HCL Tech Q2 Results FY26: Dividend, Sequential Growth & Share Price Outlook
HCL Tech Q2 Results FY26: HCL Technologies (HCL Tech) reported its Q2 FY26 results with strong revenue growth but a largely flat bottom line. The company also announced a ₹12 interim dividend per equity share, reflecting continued confidence in cash flows despite macro headwinds.

HCL Tech Q2 Results FY26 Key Highlights
Metric | Value / Change | Notes / Commentary |
---|---|---|
Revenue (consolidated) | ₹31,942 crore (~₹319.42 billion) | Up ~10.7% YoY, driven by engineering & R&D growth and large deal ramps. |
Net Profit / PAT (consolidated) | ₹4,235–4,236 crore | Essentially flat YoY, indicating margin pressures. |
Sequential Growth (QoQ) | ~10.2% increase in PAT | Improved from ~₹3,843 crore in Q1 to ~₹4,236 crore in Q2, signalling operational leverage. |
Dividend Declared | ₹12 per equity share | Interim dividend for Q2, marking HCL Tech’s 91st consecutive quarterly payout. |
Record Date | 17 October 2025 | Shareholders as of this date eligible for dividend. |
Payment Date | 28 October 2025 | Dividend expected to be credited by this date. |
Guidance / Outlook | Revenue growth guidance of 3–5% (constant currency) maintained | Management maintains prior guidance despite macro uncertainties. |
Drivers / Highlights | Engineering & R&D, Large deals, Geographic diversification | Growth in engineering services (13.4%) and large deal ramps were key contributors. |
Analysis & Key Takeaways (HCL Tech Q2 Results)
Revenue growth strong, PAT flat
HCL Tech Q2 Results delivered healthy top-line momentum with ~10.7% YoY growth in revenue. The growth was largely driven by engineering & R&D services and the ramp-up of large deals. However, PAT remained flat YoY, indicating some margin pressures or elevated costs, potentially from rising investments in AI and go-to-market initiatives.
Sequential growth highlights operational leverage
On a QoQ basis, PAT increased by ~10.2%, suggesting better utilisation, operational efficiency, and improved business mix.
Dividend continuity signals confidence
The interim dividend of ₹12 per share reflects HCL Tech’s commitment to rewarding shareholders. Maintaining the dividend during a challenging environment signals confidence in strong cash flows.
Guidance maintained amid macro headwinds
Management reaffirmed revenue growth guidance of 3–5% in constant currency. Key challenges remain, including margin pressure, global demand uncertainty, regulatory risks, and rising investments in technology initiatives.

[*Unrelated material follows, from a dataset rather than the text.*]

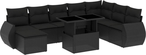 vidaXL 9-cz. zestaw wypoczynkowy do ogrodu, z poduszkami, czarny
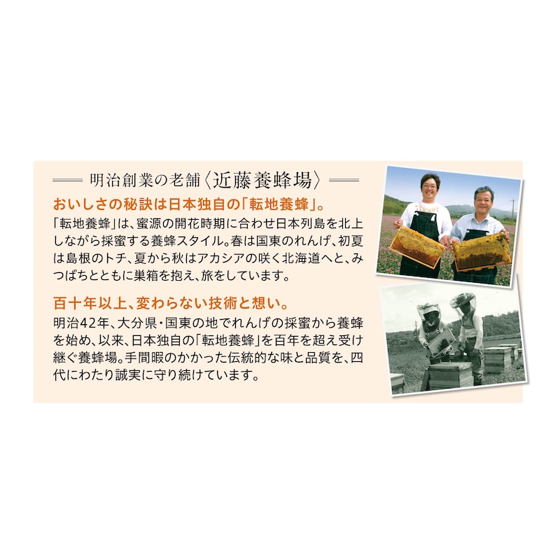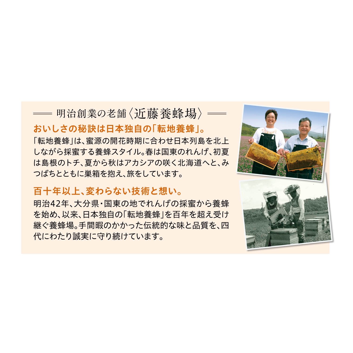 みつばちとともに、日本各地の花々から「転地養蜂」で採蜜した貴重な蜂蜜。手間暇かけたおいしさを。

Share Price Movement & Market Impact
The share price reacted positively to the HCL Tech Q2 results. The stock saw an intraday gain of ~2–3% following the announcement, reflecting market optimism about sequential growth and dividend continuity.
Potential effect on share price tomorrow:
- Positive triggers: Investors may respond favorably to the strong revenue growth, sequential PAT improvement, and consistent dividend payout.
- Caution factors: Flat YoY profit and margin pressures could moderate upside in the short term. Rising costs and macro uncertainties may limit aggressive buying.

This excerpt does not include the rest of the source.